You can always see in others whatever traits of character you are looking for.
Margaret Wolfe Hungerford said, “Beauty is in the eye of the beholder.” It was her way of saying that we see what we wish to see in others. Every living human being is a complex combination of feelings, emotions, and thoughts — some good, some bad. Your impression of another depends far more upon you and your expectations of that person.
If you believe someone is good, you will find good qualities. If you don’t, you won’t. When you are yourself a positive person, you tend to find positive qualities in others. As you work to develop good, constructive habits to improve yourself continually, make it a practice to look for those same qualities in others. It’s easy to spot another’s shortcomings, but when you identify the good in others and congratulate them upon their positive achievements, you will make friends on whom you can always depend — both in good times and bad.

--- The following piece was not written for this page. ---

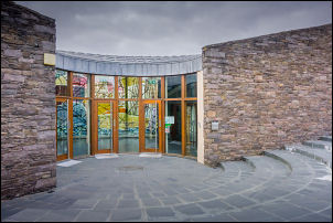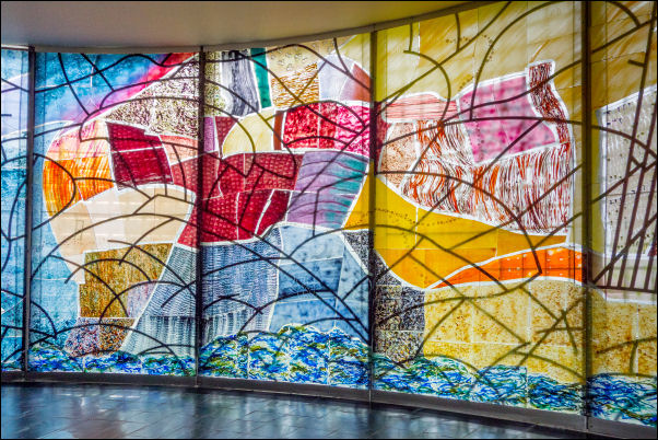 interesting building with a large coloured glass window inside. I
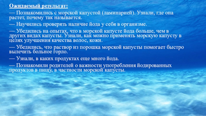 — Убедились на опытах, что в морской капусте йода больше, чем в других видах капусты. Узнали, как можно применять морскую капусту в целях улучшения качества волос, кожи.

Be sure about what you want from life and doubly sure of what you have to give in return.
Examine the lives of successful people, and you will find that they have paid a price that is in direct proportion to the amount of success they have earned. Close examination will almost always reveal years of study and preparation before great success is achieved. This principle is consistent in virtually every field of individual achievement — in the arts, medicine, science, or business. Nothing worthwhile ever comes easily.
As you consider your own goals, also consider what you are willing to sacrifice for what you expect to receive. You should be prepared to give generously of your time and talents long before expecting a return on your investment. Many “overnight successes” labored in obscurity for many years before they were finally recognized for their achievements.
What we do not see, what most of us never suspect of existing, is the silent but irresistible power which comes to the rescue of those who fight on in the face of discouragement.